Цикл мгновенно обрел популярность. В Штатах на музыку седьмой юморески даже был написан весьма фривольный текст о железнодорожных туалетах. Она стала одной из моих самых любимых вещей — примером волшебного прикосновения Крейслера. Читая эти строки, вы наверняка думаете, что никогда не слышали ее, но позвольте мне заверить вас, что это не так. В основе юморески — одна из тех мелодий, которые, кажется, существовали всегда. Вы узнаете ее с первых же нот.
Она несет тот редкий дар, от бремени которого некоторые отказываются, особую гармонию, витающую где-то в облаках и ждущую, что ее поймают, запишут и исполнят.

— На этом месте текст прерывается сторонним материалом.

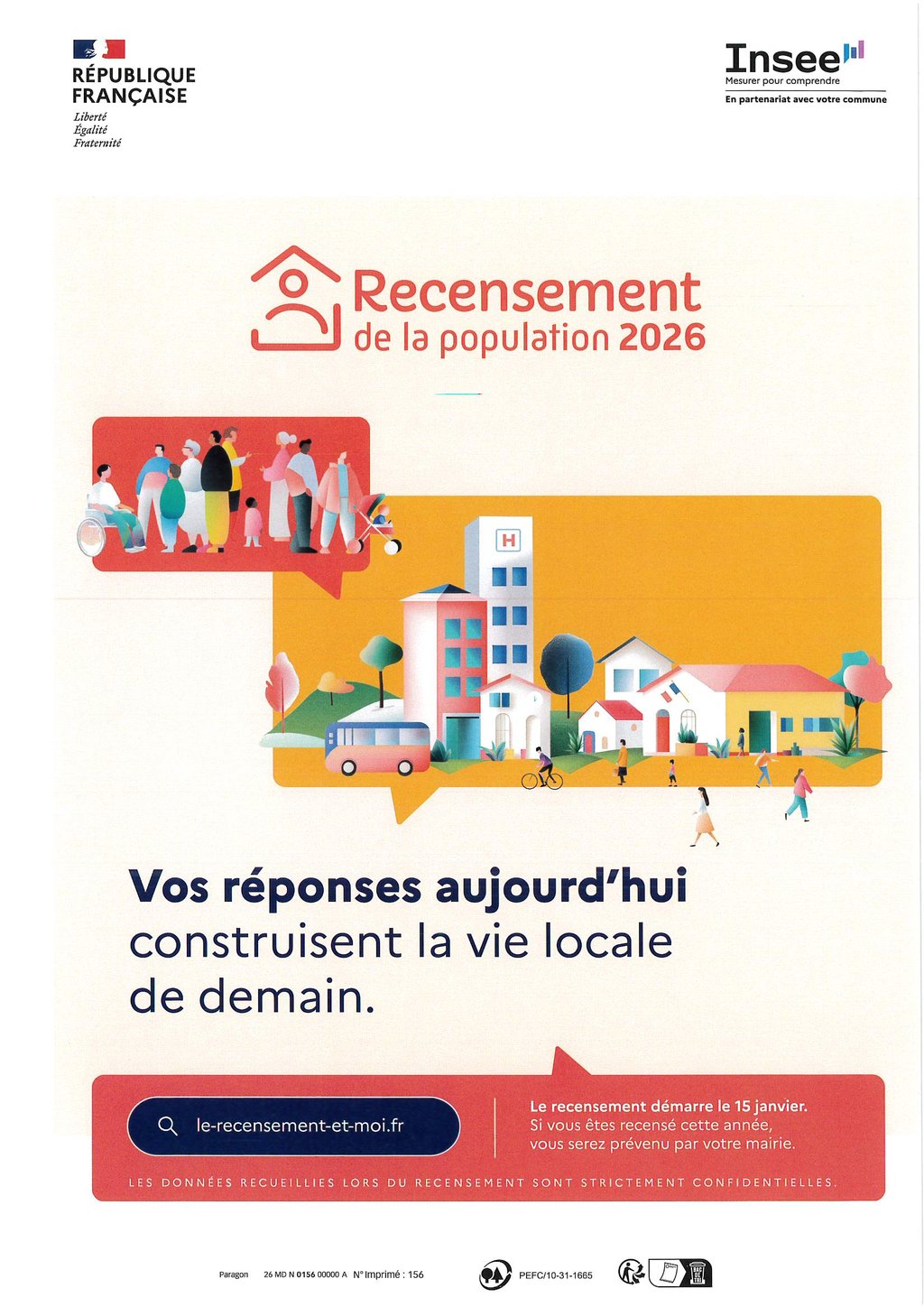 Le recensement de la population aura lieu du 15 janvier 2026 au 14 février 2026.
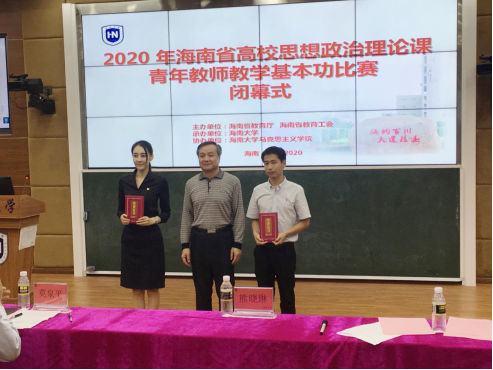 11月16日至17日,由海南省教育厅、海南省教育工会主办的2020年海南省高校思政课青年教师教学基本功比赛在英国365集团官网举行。省教育工会、省教育厅思政处负责人,全省21所高校的43位选手以及100多名思政课教师到场参加及观摩本次比赛。公司殷越老师作为英国365集团官网代表参赛,以总分第一名的成绩获得2020年海南省高校思政课青年教师教学基本功比赛本科组一等奖。
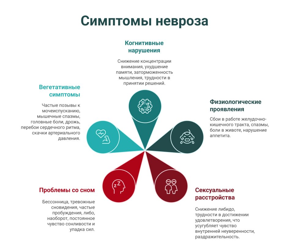 «Симптомы невроза — от тревоги до болей в теле — являются сигналом эмоционального перенапряжения. В клинике в городе Клинцы мы помогаем пациентам найти истинную причину внутреннего конфликта и устранить ее без пожизненного приема таблеток.
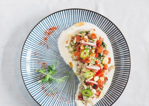 Тартар из сибаса с тхиновой пастой, томатами и миндалем от марокканского ресторана Nofar
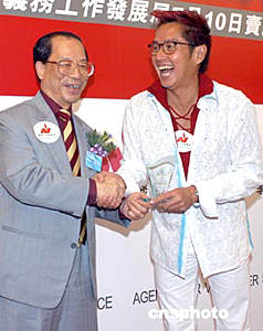 歌星譚詠麟6月9日在香港出席義務(wù)工作發(fā)展局舉行《全民義工參與賣旗日‧榮譽義工大使委任儀式》,義務(wù)工作發(fā)展局主席李澤培向譚詠麟致送紀念品。

Я часто ее играла в молодости. И теперь я играла ее снова. Звуки наполняли комнату, занимали все пространство, музыка словно вырастала над слушателями, обволакивала их. Амати предназначалась для бо2льших помещений, чем это, и все же именно так, судя по всему, скрипки звучали когда-то на званых вечерах в салонах Вены, Зальцбурга и по всей Европе. Именно так слышали свою музыку Шуберт и Бетховен. Для них она была не просто последовательностью нот. Они по-настоящему глубоко чувствовали физическую составляющую, натяжение струн, страсть исполнителя.
И вот я стою посреди современной копии салона тех времен, играю перед людьми, обратившими ко мне свои лица. Я на рубеже, на пороге — могу войти, могу остаться снаружи. Комнату наполняет юмореска, то очаровательная, то грустная, то изменчивая. Она зовет куда-то. Она словно воспоминание о чем-то, чего с вами никогда не происходило, но воспоминание это у вас в крови, словно наследие предков. Прошлое и будущее, надежда и печаль, сожаления и радость — все здесь, в струнах скрипки и под моими пальцами, в моей руке, в смычке, в легких скрипки. Все, что уже прошло и что ждет впереди, вырывается на свободу, растворяется в воздухе.